## Provided material:
● ● ● ● ●
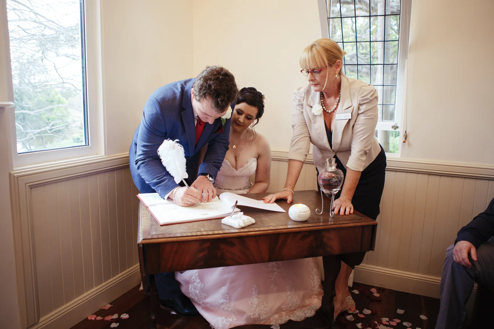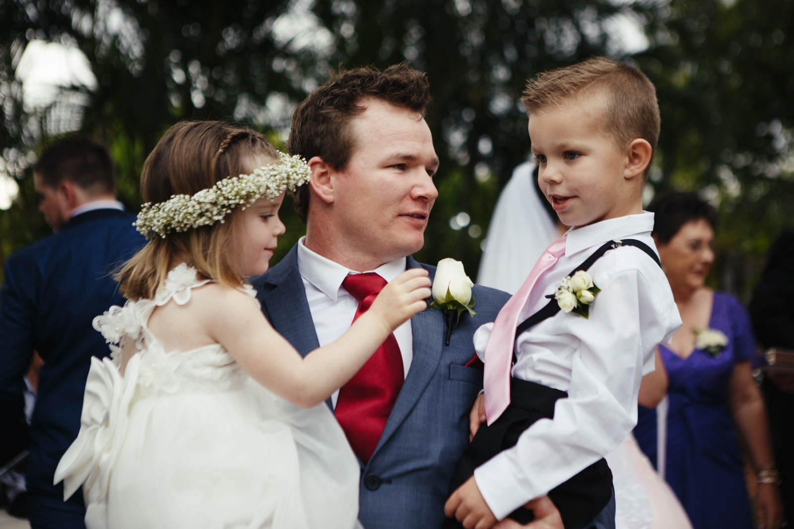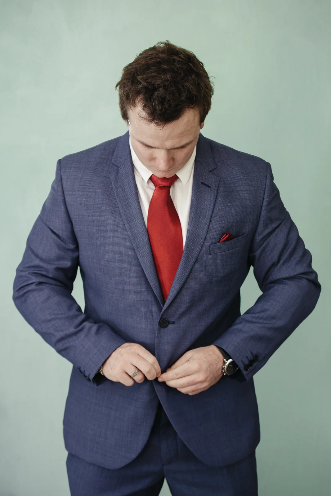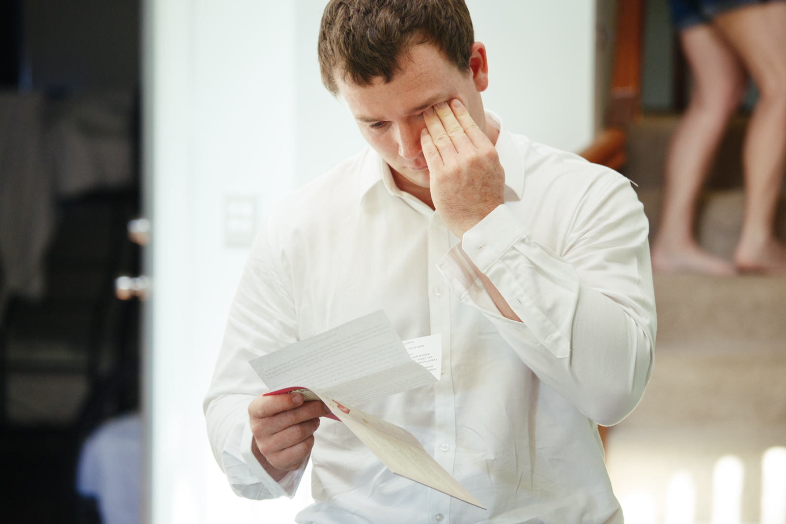 Before it was time to put on the assemble of clothes first Jenna had given Matthew an entourage of gifts accompanied with a letter. It was truly a beautiful moment, as Matthew claimed he wasn't even through the first paragraph before he started to wipe tears away from his eyes. What made the gifts even more personable was the little notes attached to each seperate gift she had given him for the day. From a pair of sunnies, to the expensive watch, Matthew was over joyed. Matthew adjourned his dark blue suit with a dark red tie and a matching hanky chief accompanying his look. Matthew had two of his groomsmen apart of his morning ritual, to which involved a selection of gifts and Matthews dad never failing to get a laugh or two from us.
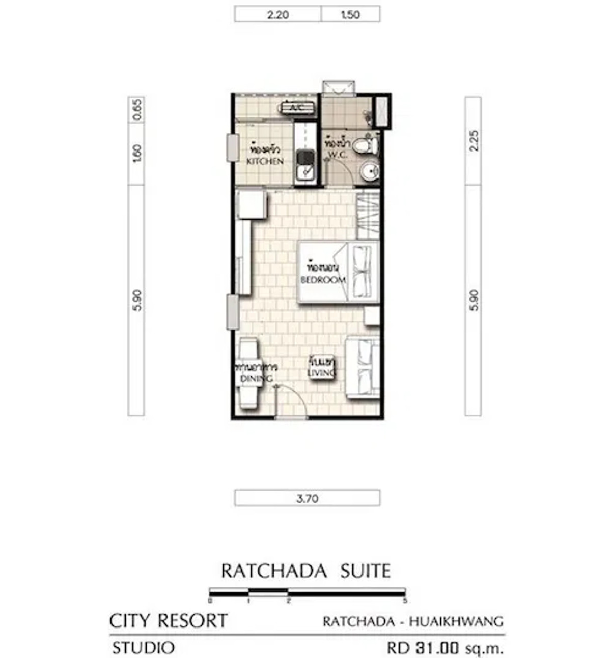 Property code (NC-PP05) Supalai City Resort Ratchada-Huai Khwang 1 bedroom, 1 bathroom Size 45 sq m., Building 1, 6th floor Private and quiet Beautiful room, never rented out Selling for only 2,650,00
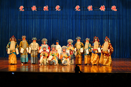 联欢会上,离退休老同志们以合唱形式最先登场,他们时而引吭高歌,时而低婉轻柔,将大家带入歌声的海洋。随后,戏曲协会的会员们浓妆重彩登场联唱,他们比划有致,唱腔有板有眼。传统舞蹈《礼仪之邦》与伦巴双人舞《地心引力》各领风情,欲比高低。清远悠扬的笛子独凑回荡全场,令人耳目一新。太极拳协会和新世纪物业的同志们一身轻盈,表演了陈氏太极拳,他们推掌出拳,步步抓痕却似如履薄冰,充分展示了陈氏太极阴阳糅合、刚柔并济的神韵。校院青年教职工西班牙《卡门》动感起舞、热烈奔放,在激光四射的舞台中展现党校人青春活力,赢得了全场阵阵掌声。联欢会在四分校教职工一曲《年轻的朋友来相会》中徐徐落幕。
● ● ● ● ●
## Assigned task:
Output the listing exactly, without images.

## Result of this exercise:
 Before it was time to put on the assemble of clothes first Jenna had given Matthew an entourage of gifts accompanied with a letter. It was truly a beautiful moment, as Matthew claimed he wasn't even through the first paragraph before he started to wipe tears away from his eyes. What made the gifts even more personable was the little notes attached to each seperate gift she had given him for the day. From a pair of sunnies, to the expensive watch, Matthew was over joyed. Matthew adjourned his dark blue suit with a dark red tie and a matching hanky chief accompanying his look. Matthew had two of his groomsmen apart of his morning ritual, to which involved a selection of gifts and Matthews dad never failing to get a laugh or two from us.
 Property code (NC-PP05) Supalai City Resort Ratchada-Huai Khwang 1 bedroom, 1 bathroom Size 45 sq m., Building 1, 6th floor Private and quiet Beautiful room, never rented out Selling for only 2,650,00
 联欢会上,离退休老同志们以合唱形式最先登场,他们时而引吭高歌,时而低婉轻柔,将大家带入歌声的海洋。随后,戏曲协会的会员们浓妆重彩登场联唱,他们比划有致,唱腔有板有眼。传统舞蹈《礼仪之邦》与伦巴双人舞《地心引力》各领风情,欲比高低。清远悠扬的笛子独凑回荡全场,令人耳目一新。太极拳协会和新世纪物业的同志们一身轻盈,表演了陈氏太极拳,他们推掌出拳,步步抓痕却似如履薄冰,充分展示了陈氏太极阴阳糅合、刚柔并济的神韵。校院青年教职工西班牙《卡门》动感起舞、热烈奔放,在激光四射的舞台中展现党校人青春活力,赢得了全场阵阵掌声。联欢会在四分校教职工一曲《年轻的朋友来相会》中徐徐落幕。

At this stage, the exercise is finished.